Wishbone (1977), JB Blunk. Courtesy JB Blunk Collection and Kasmin

Wishbone (1977), J.B. Blunk. Courtesy J.B. Blunk Collection and Kasmin

The pièce de résistance here is Wishbone (1977), an 11-foot-tall arch of redwood recalling its title or perhaps a pair of giant legs. It’s also an ideal introduction to Blunk, showing off his restraint, his ability to use a crack or other abnormality for his own ends. He smoothed most of its surface to a fine sheen but left some sections untouched, making it appear as if the sculpture is still emerging from the raw material, still part of the outside environment. The juxtaposition between the rough-hewn and carefully rendered passages makes its subtle details – a curving slope here, a tiny ledge there – all the more enthralling. In the gallery a sliver of light pierces a minute hole in one craggily lower section, though it’s impossible to know if it’s the work of Blunk or nature.

When Blunk was operating in an exuberant mode, an alluring air of Surrealism pervades, but never dominates, his creations. Madonna #1, a wild array of bends in blonde myrtle or laurel burl, suggests a form in an Yves Tanguy painting or a guffawing duck-billed animal. (The Surrealist painter Gordon Onslow Ford, whom Blunk also met via Noguchi, was a friend and neighbour.) A huge eucalyptus table of c. 1985–94, with a grey stone jutting through its top, reveals a smorgasbord of surprises as you walk around it: sly shifts in texture and lead inlay treated to resemble worn leather. (It was commissioned by the painter Sam Francis.) Mr. Peanut (1973–76), meanwhile, is a sleek, revolver-shaped hunk of redwood and bishop pine – about 4 feet long – with a rather lustful character. Debate with a friend how many phalluses are visible.

Madonna #1 (1973–77), JB Blunk.

Madonna #1 (1973–77), J.B. Blunk. Photo: Diego Flores; courtesy J.B. Blunk Collection and Kasmin

Blunk adorned the handful of ceramics on view at Kasmin with just a few drippy marks: blue circles or lines, yellow shading, the odd hit of gold. Tantric paintings may come to mind, or the loosest pictures of Ha Chong-Hyun and his Dansaekhwa peers. These works evince the sensation of an artist having a very good time. You will want to see more of them.

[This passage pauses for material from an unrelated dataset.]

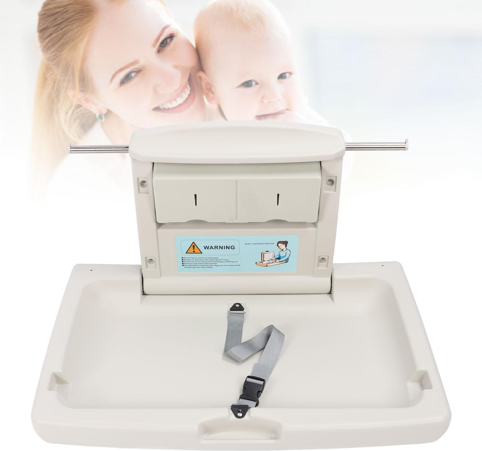Table à langer pour bébé avec ceinture de sécurité, crochet pour boîte de mouchoirs, table à langer pliable fixée au mur pour salles de bains publiques

And so, mercifully, there is an essential new book, edited by Blunk’s daughter, Mariah Nielson, and the design collective Åbäke, which includes photographs of Blunk’s art, the artist working with his chainsaw and the home he built, piece by piece, in the woods, as well as illuminating texts, including a Lucy Lippard essay and a biographical overview by Louise Allison Cort, curator emerita of ceramics at the Freer/Sackler Galleries in Washington, D.C., that charts his path and describes that fateful encounter in Tokyo.

Ceramics by J.B. Blunk. Courtesy J.B. Blunk Collection and Kasmin

What would have happened if Blunk had not met Noguchi? One suspects that he would have still found a way forward. He was clearly indefatigable, always on the hunt for new ways to experiment with the materials he salvaged. (Though, as it was, it was not always easy for him: in a 1970 ABC documentary profile, posted on Kasmin’s site, he talks about having contemplated suicide, rejecting it only thanks to his drive to keep working.)

Today, success for artists too often requires following a predictable trajectory (credentials from certain schools, the approval of select curators, an instantly recognisable brand), which encourages conformity. Blunk’s life and art propose a profoundly different approach, crossing disciplines, mediums, and continents. The surfaces of some of his objects are still rough. They have also proved to be enduring.

‘JB Blunk’ is at Kasmin, New York, until 7 November.